S Africa Chinese 'become black'

The High Court in South Africa has ruled that Chinese South Africans are to be reclassified as black people.

It made the order so that ethnic Chinese can benefit from government policies aimed at ending white domination in the private sector.

The Chinese Association of South Africa took the government to court, saying its members had been discriminated against.

An estimated 200,000 ethnic Chinese live in South Africa.

The association said their members often failed to qualify for business contracts and job promotions because they were regarded as whites.

The association said Chinese South Africans had faced widespread discrimination during the years of apartheid when they had been classified as people of mixed race.
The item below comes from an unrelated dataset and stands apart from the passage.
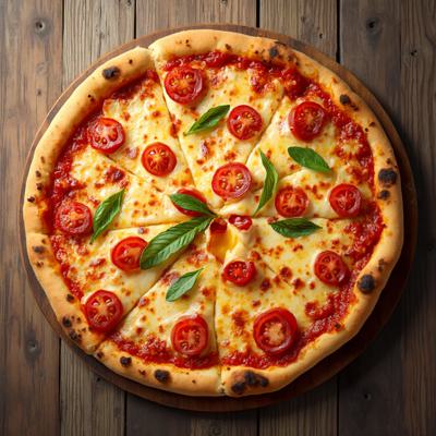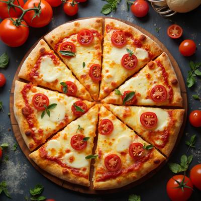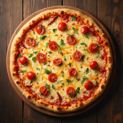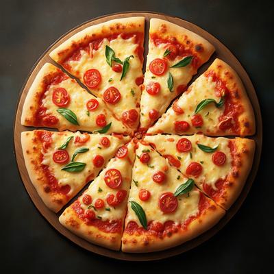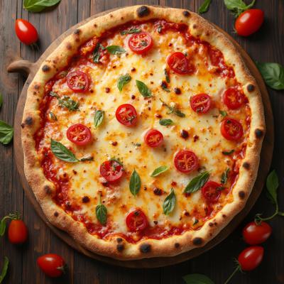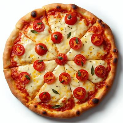 максимально реалистичная круглая пицца с сыром и маленькими помидорами , вид сверху

The BBC's Mpho Lakaje in Johannesburg says the Broad-Based Economic Empowerment and the Employment Equity Acts were designed to eradicate the legacy of apartheid which left many black people impoverished.

The laws give people classed as blacks, Indians and coloureds (mixed-race) employment and other economic benefits over other racial groups.

The Black Economic Employment concept was initiated by the governing ANC to help previously disadvantaged individuals - to start their own businesses or become part of existing companies - thus redressing the country's historic inequalities.

Unfortunately, white South Africans who have spent their entire adult lives in China, such as your correspondent, will not be reclassified as a result of the new ruling.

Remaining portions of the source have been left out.